1. A hydrogen circulation device, comprising:

the pump shell is provided with a circulating cavity and is provided with a circulating gas inlet, a circulating gas outlet and a hydrogen purging port which are communicated with the circulating cavity;

the pump rotor is arranged in the circulating cavity; and

the hydrogen throttling component is arranged outside the circulation cavity, the hydrogen purging port is communicated with the circulation cavity, and ice breaking is realized through hydrogen with throttling and temperature rising characteristics.

2. The hydrogen circulation device according to claim 1, wherein the hydrogen throttling assembly comprises:

one end of the hydrogen pipeline is communicated with the circulation cavity through the hydrogen purging port, and the other end of the hydrogen pipeline is communicated with hydrogen supply equipment; and

a throttling element cooperating with the hydrogen purge port or the hydrogen conduit.
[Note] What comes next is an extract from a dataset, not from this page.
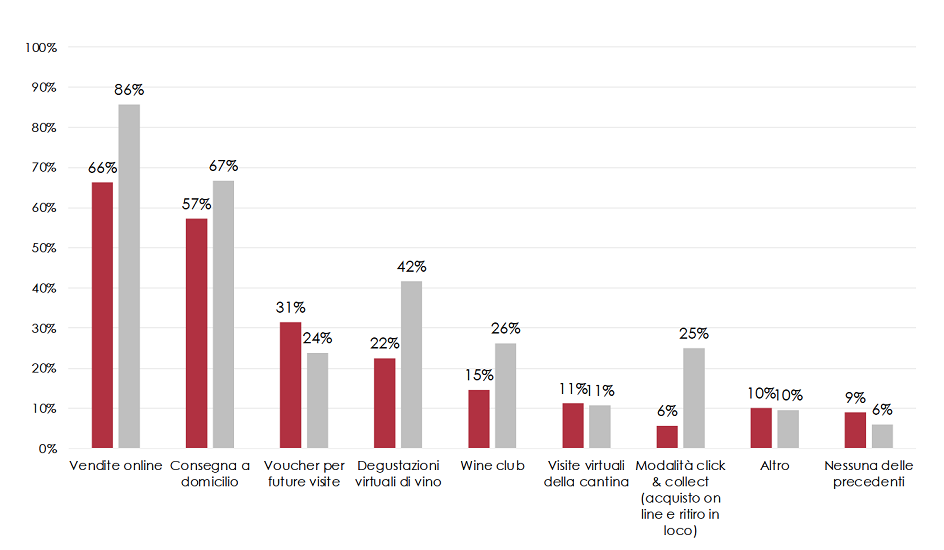 Ben il 31% delle aziende intervistate ha dichiarato cali nella vendita di servizi turistici superiori al 70% rispetto al medesimo periodo dell’anno precedente. Per far fronte alla grave crisi che ha colpito il settore durante e dopo il lockdown, il 66% si è affidato alla vendita online, il 57% alla consegna a domicilio, il 31% a voucher per future visite e 22% alle degustazioni virtuali.

3. The hydrogen circulation device according to claim 2, wherein the hydrogen throttle assembly further comprises hydrogen cylinders in communication with the other end of the hydrogen conduit, the hydrogen cylinders being disposed adjacent to the pump housing.

4. The hydrogen circulation device according to claim 2, wherein the hydrogen throttling assembly further comprises a regulating valve provided in the hydrogen pipeline to control the state of hydrogen purge.

5. The hydrogen-recycling apparatus of claim 2, wherein the hydrogen throttling assembly further comprises a temperature sensor disposed within the recycling chamber to control the state of the hydrogen purge.

6. The hydrogen circulation device according to any one of claims 2 to 5, wherein the throttling element is a pressure reducing valve provided in the hydrogen purge port or in the hydrogen pipeline.

7. The hydrogen circulation device according to any one of claims 2 to 5, wherein the throttling element is an orifice plate provided in the hydrogen purge port or in the hydrogen pipe.

8. The hydrogen circulation device according to any one of claims 2 to 5, wherein the throttling element is a capillary tube having one end communicating with the hydrogen purge port and the other end communicating with the hydrogen pipe.

9. The hydrogen circulation device according to claim 1, wherein the circulation gas outlet, the circulation gas inlet, and the hydrogen purge port are provided in this order on the pump housing.

10. The hydrogen circulation device according to claim 1 or 9, wherein the hydrogen purge port is provided in a bottom portion of the pump housing or in a side portion of the pump housing adjacent to the bottom portion.